__ENTRIES PROVIDED__.
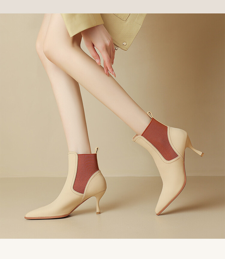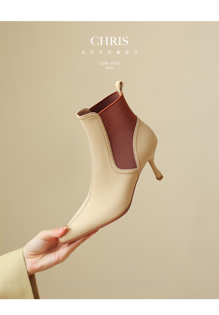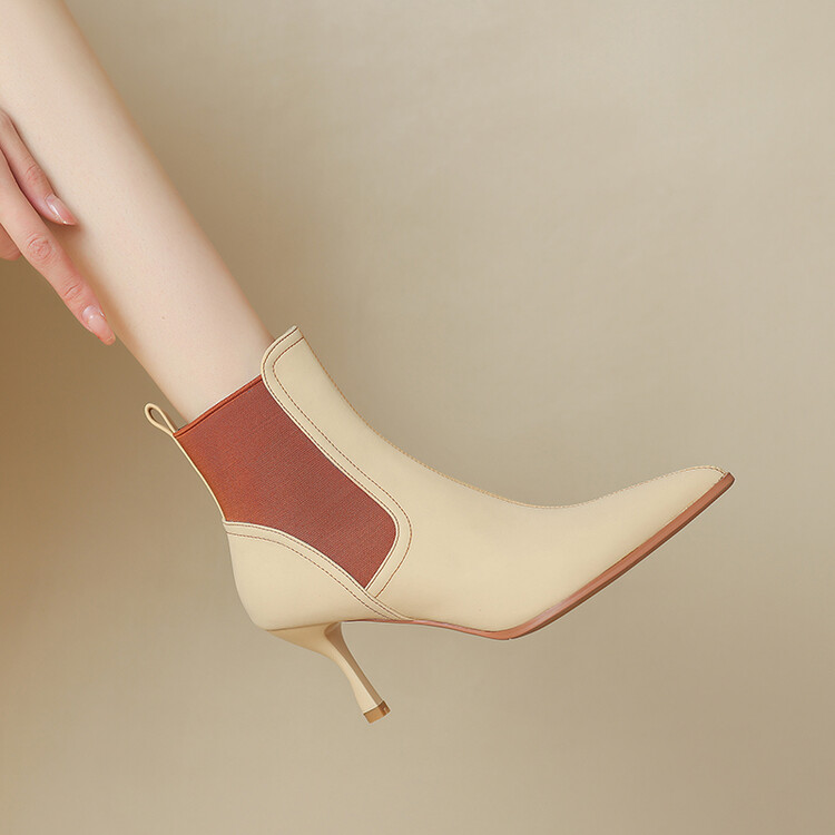 法式高级感,时尚拼色尖头及裸靴WC-M7397
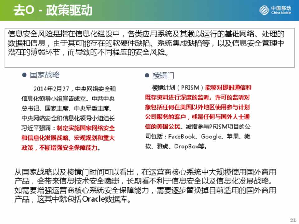 • 小型机技术封闭且非标准 化,运营商无法掌控信息安 全,可能影响企业、国家利 益,有必要引入国产或定制 产品,增强信息安全管控力 度
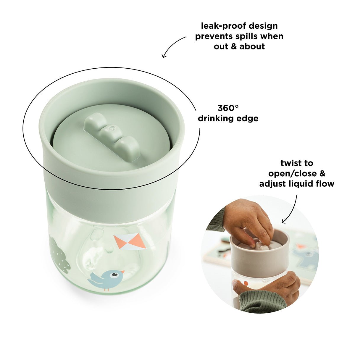 Pozwól swojemu maluchowi pić samodzielnie dzięki Kubkowi do ćwiczeń 360° w kolorze Playground Green. Wykonany z Tritanu, z pokrywką z PP i silikonu, zapobiegającą rozlaniu. Trwały, bezpieczny i idealny do codziennego użytku, w domu lub w podróży.
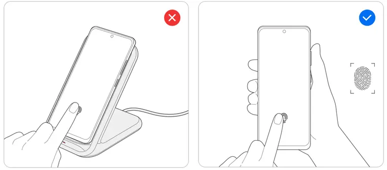지문 인식이 안되는 경우, 지문 인식기에 손가락을 대기 전에 스마트폰의 스크린 프로텍터 상태, 무선 충전 여부 그리고 손가락이 깨끗한지 확인하십시오.
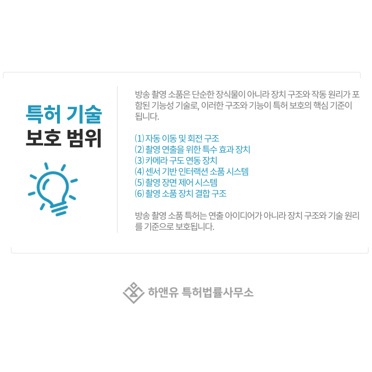 이처럼 방송 촬영 소품 특허는 단순한 아이디어 출원이 아니라 기술 구조와 권리 범위를 전략적으로 설계하는 과정이 필요합니다.
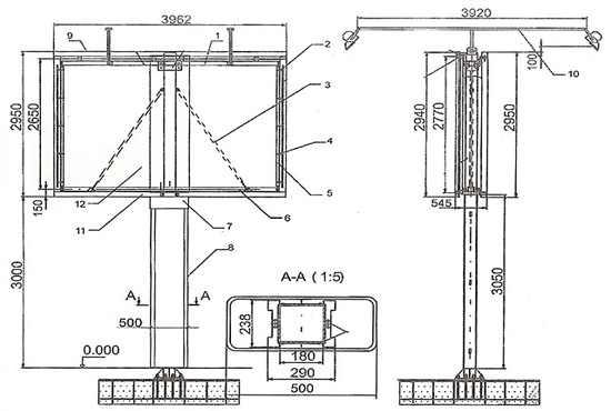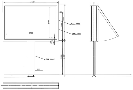 | Вид конструкции | Схема | Пример | Высота, м. | Ширина, м. | Высота опоры, м. | Способ показа | Количество сторон | Количество конструкций | Изготовление | Доставка | Установка | Срок изготовления | Срок доставки | Срок установки | Гарантия |
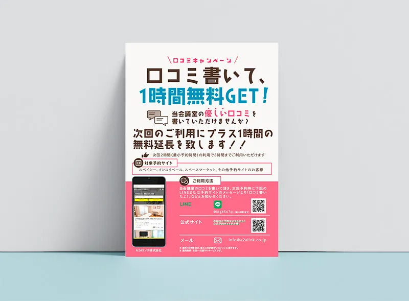 ご希望:予約サイトの利用からスペースに訪れたお客様向けに、リピーターを自社サイトへQRコードから誘導するレンタルスペース貼り出し用チラシを作成して欲しい。ポップな雰囲気を希望。色は薄色ピンク系を希望。
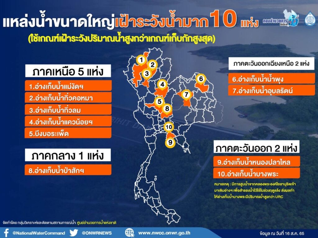 ดร.สุรสีห์ กิตติมณฑล เลขาธิการสำนักงานทรัพยากรน้ำแห่งชาติ (สทนช.) ในฐานะรองผู้อำนวยการกองอำนวยการน้ำแห่งชาติ (กอนช.) เป็นประธานการประชุมคณะประเมินสถานการณ์น้ำเพื่อติดตามสถานการณ์น้ำในช่วงฤดูฝนปี 65 โดยระบุว่า ขณะนี้มีแหล่งน้ำขนาดใหญ่ 10 แห่ง ที่ต้องเฝ้าระวังเป็นพิเศษ เนื่องจากปัจจุบันมีปริมาณน้ำสูงกว่าเกณฑ์กักเก็บน้ำสูงสุด (URC) แล้วได้แก่ อ่างเก็บน้ำแม่งัดสมบูรณ์ชล จ.เชียงใหม่ กิ่วลมและกิ่วคอหมา จ.ลำปาง แควน้อย จ.พิษณุโลก อุบลรัตน์ จ.ขอนแก่น น้ำพุง จ.สกลนคร ป่าสักชลสิทธิ์ จ.สระบุรี บางพระ จ.ชลบุรี และหนองปลาไหลจ.ระยอง รวมถึงบึงบอระเพ็ด จ.นครสวรรค์ ซึ่งเน้นย้ำให้ให้กรมชลประทานและการไฟฟ้าฝ่ายผลิตแห่งประเทศไทย (กฟผ.) บริหารจัดการน้ำโดยให้เกิดผลกระทบต่อพื้นที่ด้านท้ายน้ำให้น้อยที่สุด รวมทั้งให้บริหารจัดการน้ำร่วมกับสถานการณ์น้ำในลำน้ำและแม่น้ำด้วยเนื่องจากฝนที่ตกสะสมทำให้ดินอุ้มน้ำไว้นานอาจส่งผลให้เกิดน้ำล้นตลิ่งเข้าท่วมพื้นที่บ้านเรือนประชาชนและพื้นที่การเกษตรได้

__PROBLEM DETAILS__.
Output only the lines running from the one containing "ご希望:予約サイトの利用から" to the end of the records, inclusive and exact; skip the pictures.

__RESULT OF THE TASK__.
 ご希望:予約サイトの利用からスペースに訪れたお客様向けに、リピーターを自社サイトへQRコードから誘導するレンタルスペース貼り出し用チラシを作成して欲しい。ポップな雰囲気を希望。色は薄色ピンク系を希望。
 ดร.สุรสีห์ กิตติมณฑล เลขาธิการสำนักงานทรัพยากรน้ำแห่งชาติ (สทนช.) ในฐานะรองผู้อำนวยการกองอำนวยการน้ำแห่งชาติ (กอนช.) เป็นประธานการประชุมคณะประเมินสถานการณ์น้ำเพื่อติดตามสถานการณ์น้ำในช่วงฤดูฝนปี 65 โดยระบุว่า ขณะนี้มีแหล่งน้ำขนาดใหญ่ 10 แห่ง ที่ต้องเฝ้าระวังเป็นพิเศษ เนื่องจากปัจจุบันมีปริมาณน้ำสูงกว่าเกณฑ์กักเก็บน้ำสูงสุด (URC) แล้วได้แก่ อ่างเก็บน้ำแม่งัดสมบูรณ์ชล จ.เชียงใหม่ กิ่วลมและกิ่วคอหมา จ.ลำปาง แควน้อย จ.พิษณุโลก อุบลรัตน์ จ.ขอนแก่น น้ำพุง จ.สกลนคร ป่าสักชลสิทธิ์ จ.สระบุรี บางพระ จ.ชลบุรี และหนองปลาไหลจ.ระยอง รวมถึงบึงบอระเพ็ด จ.นครสวรรค์ ซึ่งเน้นย้ำให้ให้กรมชลประทานและการไฟฟ้าฝ่ายผลิตแห่งประเทศไทย (กฟผ.) บริหารจัดการน้ำโดยให้เกิดผลกระทบต่อพื้นที่ด้านท้ายน้ำให้น้อยที่สุด รวมทั้งให้บริหารจัดการน้ำร่วมกับสถานการณ์น้ำในลำน้ำและแม่น้ำด้วยเนื่องจากฝนที่ตกสะสมทำให้ดินอุ้มน้ำไว้นานอาจส่งผลให้เกิดน้ำล้นตลิ่งเข้าท่วมพื้นที่บ้านเรือนประชาชนและพื้นที่การเกษตรได้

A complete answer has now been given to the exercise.